### [Aim of the exercise]
Your answer must be an exact copy of the records, with no pictures included.

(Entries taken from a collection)

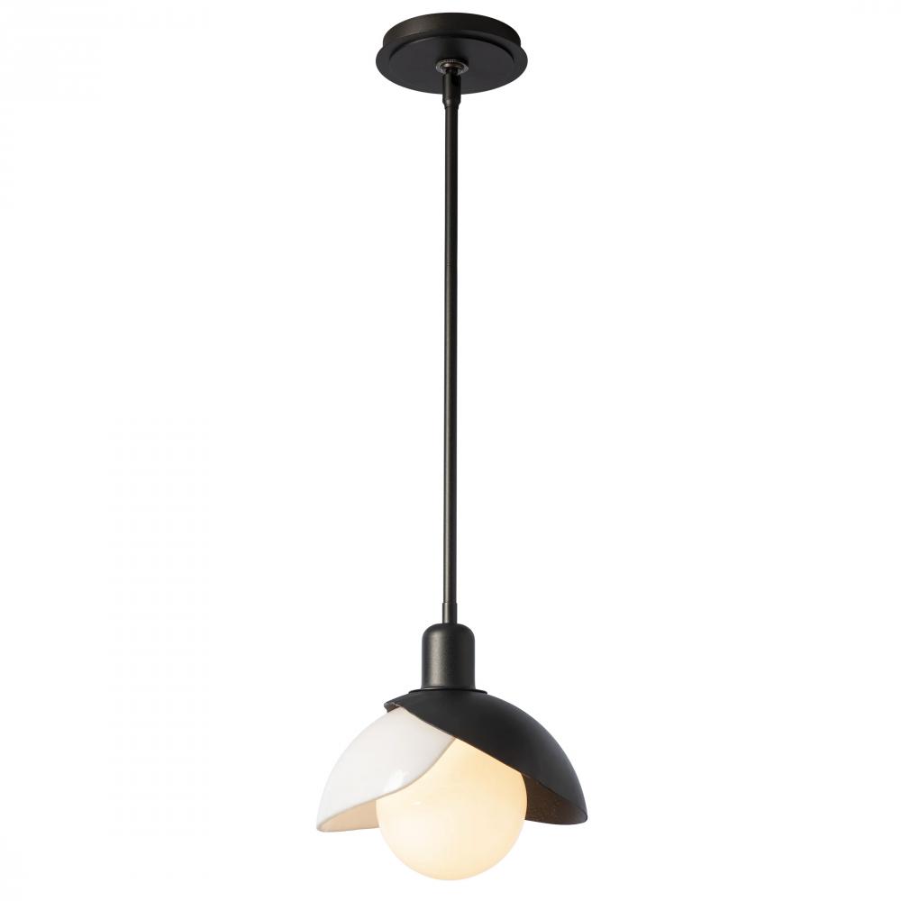 A larger single pendant, the Brooklyn Medium Double Shade Art Glass Mini Pendant features the Brooklyn's hallmark forged and textured steel shade that is uniquely paired with a contrasting white art glass shade to brilliant effect, with its exposed bulb that is nestled within the shades.
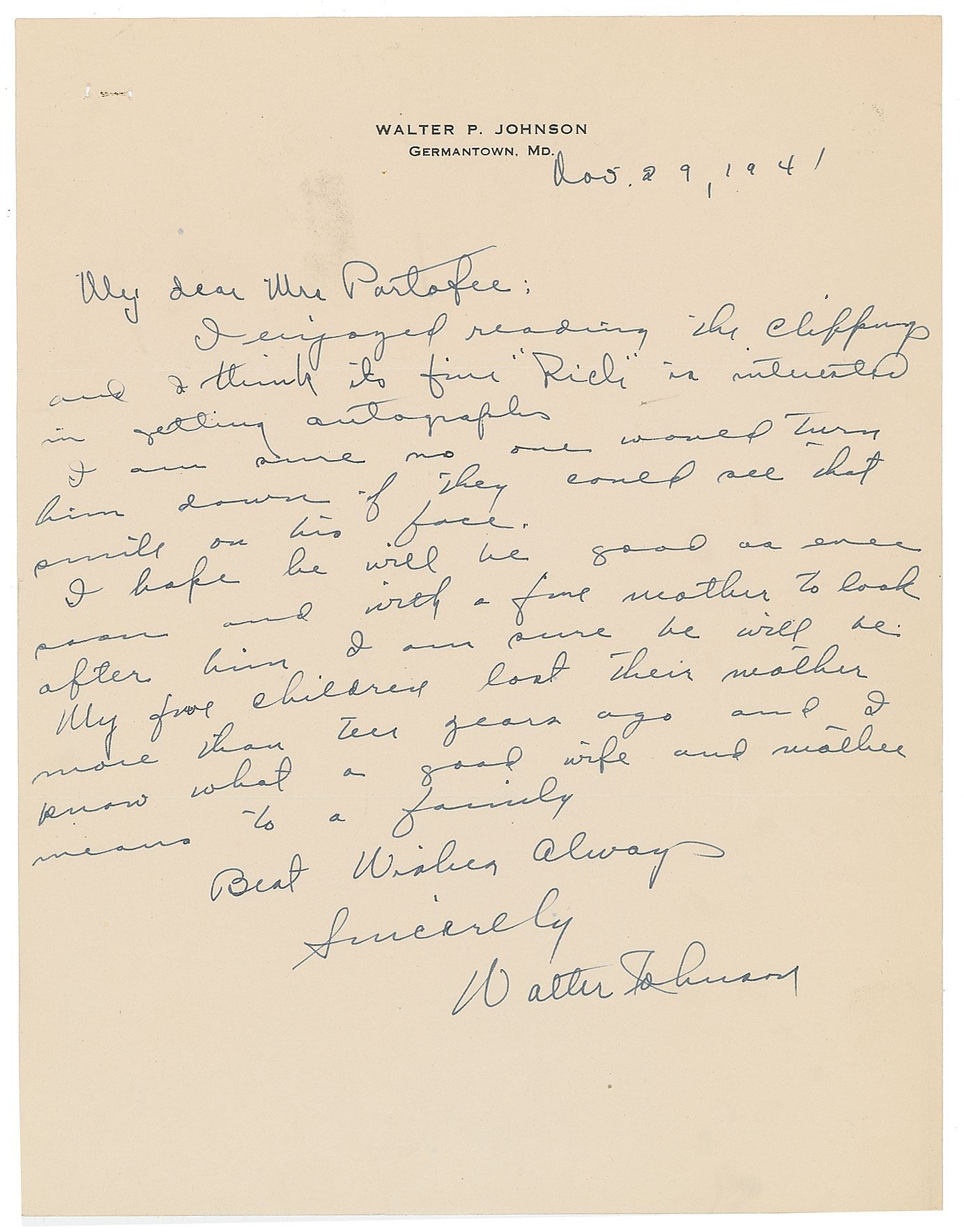 Heartfelt handwritten letter signed "Walter Johnson," one page, 8.5 x 11, personal letterhead, November 29, 1941. Letter to Mrs. Partafee, in full: "I enjoyed reading the clipping and I think it's fine 'Rich' is interested in getting autographs. I am sure no one would turn him down if they could see that smile on his face. I hope he will be good as ever soon and with a fine mother to look after him I am sure he will be. My five children lost their mother more than ten years ago and I know what a good wife and mother means to a family. Best wishes always." In fine condition, with staples holes to upper left.
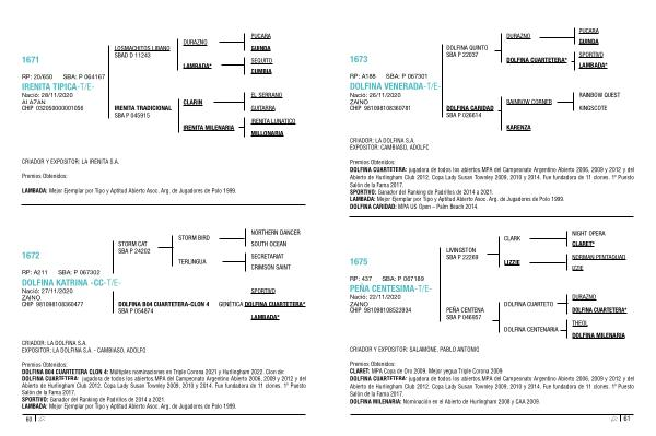 Premios Obtenidos : DOLFINA CUARTETERA : jugadora de todos los abiertos . MPA del Campeonato Argentino Abierto 2006 , 2009 y 2012 y del Abierto de Hurlingham Club 2012 . Copa Lady Susan Townley 2009 , 2010 y 2014 . Fue fundadora de 11 clones . 1 º Puesto Salón de la Fama 2017 . SPORTIVO : Ganador del Ranking de Padrillos de 2014 a 2021 . LAMBADA : Mejor Ejemplar por Tipo y Aptitud Abierto Asoc . Arg . de Jugadores de Polo 1999 . DOLFINA CARIDAD : MPA US Open – Palm Beach 2014 .
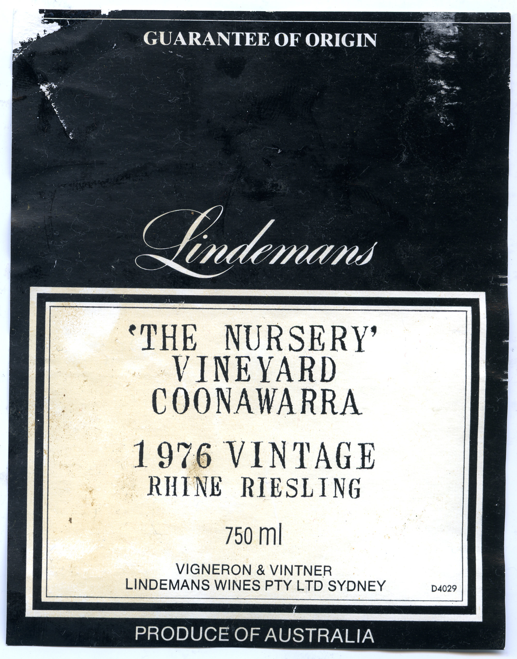 Label reads: "Guarantee of origin. Lindemans. 'The nursery' vineyard Coonawarra. 1976 vintage Rhine Riesling. 750ml. Vigneron and Vintner. Lindemans Wines Pty Ltd Sydney. Produce of Australia."
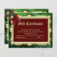Customisez ce certificat cadeau en ligne, et utilisez-le pour une petite entreprise, un cadeau personnel ou un échange de cadeaux d'entreprise de service! Doté de branches de pins à cadre doré et d'un arc bordeaux dressé.
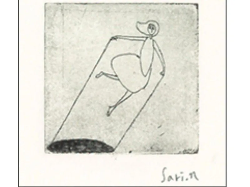 Na njenim majušnim bakropisima nalazimo zvezde prosute iz šarenih lepeza, zapažamo kako se leti sa kišobranom u ruci, nailazimo na kućice iza čijih nas brojnih prozora gledaju nevidljive oči – primećuje Palanski.
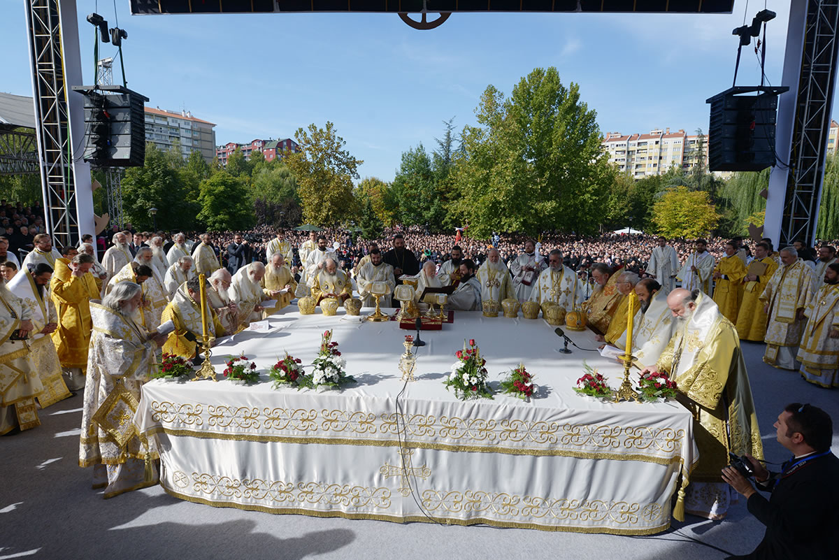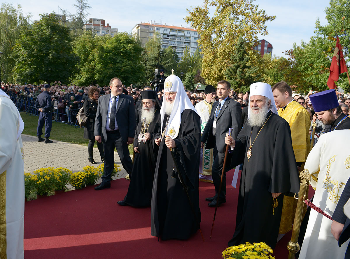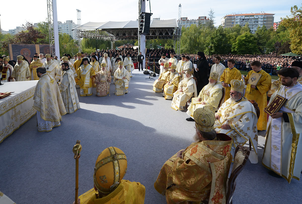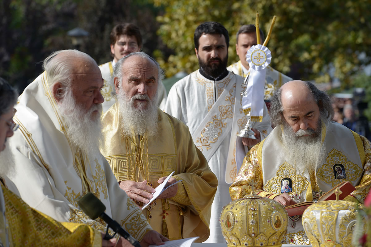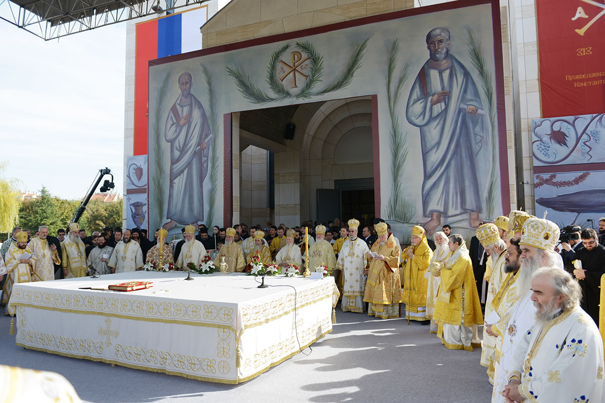 On Sunday, October 6, 2013, the feast day of the Conception of St John the Forerunner, the main celebration of the 700 th anniversary of the Edict of Milan took place in the form of Divine Liturgy on the plaza before the Church of Holy Emperors Constantine and Helena in Nis, Serbia. Nis was the birthplace of St Constantine, Equal-to-the-Apostles. The service was led by Primates of eight Local Orthodox Churches, as well as His Eminence Archbishop Mark of Berlin and Germany.
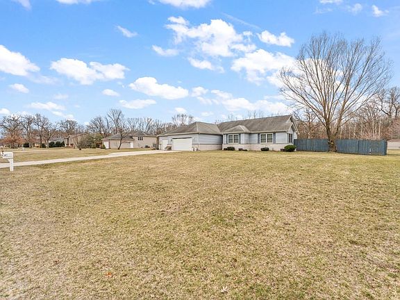 RARE FIND with this beautiful RANCH nestled on an acre in a serene neighborhood, but close commute to I 65 or Route 41! There is alot to love about this home, including the HUGE KITCHEN, there are solid wood cabinets and tons of them, generous counter space w/ peninsula, newly added SS undermount sink, new lighting, SS appliances and just tons of space to actually move around! There is laminate flooring throughout living and hallway areas, tile in foyer, SOLID DOORS throughout the home. Finished laundry room w/ NEW SHLEVING + STORAGE GALORE, newly renovated powder room. PRIMARY suite w/ large bathroom and walk in closet. Tons of storage in this home! Going outside you'll find FULLY FENCED BACK YARD, NEWLY ADDED POOL, SHED AND FIRE PIT. Did I mention a FINISHED+ HEATED 3 CAR GARAGE, that too! Home is freshly painted and READY TO MOVE IN! HOME WARRANTY INCLUDED!

### [Task result]
 A larger single pendant, the Brooklyn Medium Double Shade Art Glass Mini Pendant features the Brooklyn's hallmark forged and textured steel shade that is uniquely paired with a contrasting white art glass shade to brilliant effect, with its exposed bulb that is nestled within the shades.
 Heartfelt handwritten letter signed "Walter Johnson," one page, 8.5 x 11, personal letterhead, November 29, 1941. Letter to Mrs. Partafee, in full: "I enjoyed reading the clipping and I think it's fine 'Rich' is interested in getting autographs. I am sure no one would turn him down if they could see that smile on his face. I hope he will be good as ever soon and with a fine mother to look after him I am sure he will be. My five children lost their mother more than ten years ago and I know what a good wife and mother means to a family. Best wishes always." In fine condition, with staples holes to upper left.
 Premios Obtenidos : DOLFINA CUARTETERA : jugadora de todos los abiertos . MPA del Campeonato Argentino Abierto 2006 , 2009 y 2012 y del Abierto de Hurlingham Club 2012 . Copa Lady Susan Townley 2009 , 2010 y 2014 . Fue fundadora de 11 clones . 1 º Puesto Salón de la Fama 2017 . SPORTIVO : Ganador del Ranking de Padrillos de 2014 a 2021 . LAMBADA : Mejor Ejemplar por Tipo y Aptitud Abierto Asoc . Arg . de Jugadores de Polo 1999 . DOLFINA CARIDAD : MPA US Open – Palm Beach 2014 .
 Label reads: "Guarantee of origin. Lindemans. 'The nursery' vineyard Coonawarra. 1976 vintage Rhine Riesling. 750ml. Vigneron and Vintner. Lindemans Wines Pty Ltd Sydney. Produce of Australia."
Customisez ce certificat cadeau en ligne, et utilisez-le pour une petite entreprise, un cadeau personnel ou un échange de cadeaux d'entreprise de service! Doté de branches de pins à cadre doré et d'un arc bordeaux dressé.
 Na njenim majušnim bakropisima nalazimo zvezde prosute iz šarenih lepeza, zapažamo kako se leti sa kišobranom u ruci, nailazimo na kućice iza čijih nas brojnih prozora gledaju nevidljive oči – primećuje Palanski.
 On Sunday, October 6, 2013, the feast day of the Conception of St John the Forerunner, the main celebration of the 700 th anniversary of the Edict of Milan took place in the form of Divine Liturgy on the plaza before the Church of Holy Emperors Constantine and Helena in Nis, Serbia. Nis was the birthplace of St Constantine, Equal-to-the-Apostles. The service was led by Primates of eight Local Orthodox Churches, as well as His Eminence Archbishop Mark of Berlin and Germany.
 RARE FIND with this beautiful RANCH nestled on an acre in a serene neighborhood, but close commute to I 65 or Route 41! There is alot to love about this home, including the HUGE KITCHEN, there are solid wood cabinets and tons of them, generous counter space w/ peninsula, newly added SS undermount sink, new lighting, SS appliances and just tons of space to actually move around! There is laminate flooring throughout living and hallway areas, tile in foyer, SOLID DOORS throughout the home. Finished laundry room w/ NEW SHLEVING + STORAGE GALORE, newly renovated powder room. PRIMARY suite w/ large bathroom and walk in closet. Tons of storage in this home! Going outside you'll find FULLY FENCED BACK YARD, NEWLY ADDED POOL, SHED AND FIRE PIT. Did I mention a FINISHED+ HEATED 3 CAR GARAGE, that too! Home is freshly painted and READY TO MOVE IN! HOME WARRANTY INCLUDED!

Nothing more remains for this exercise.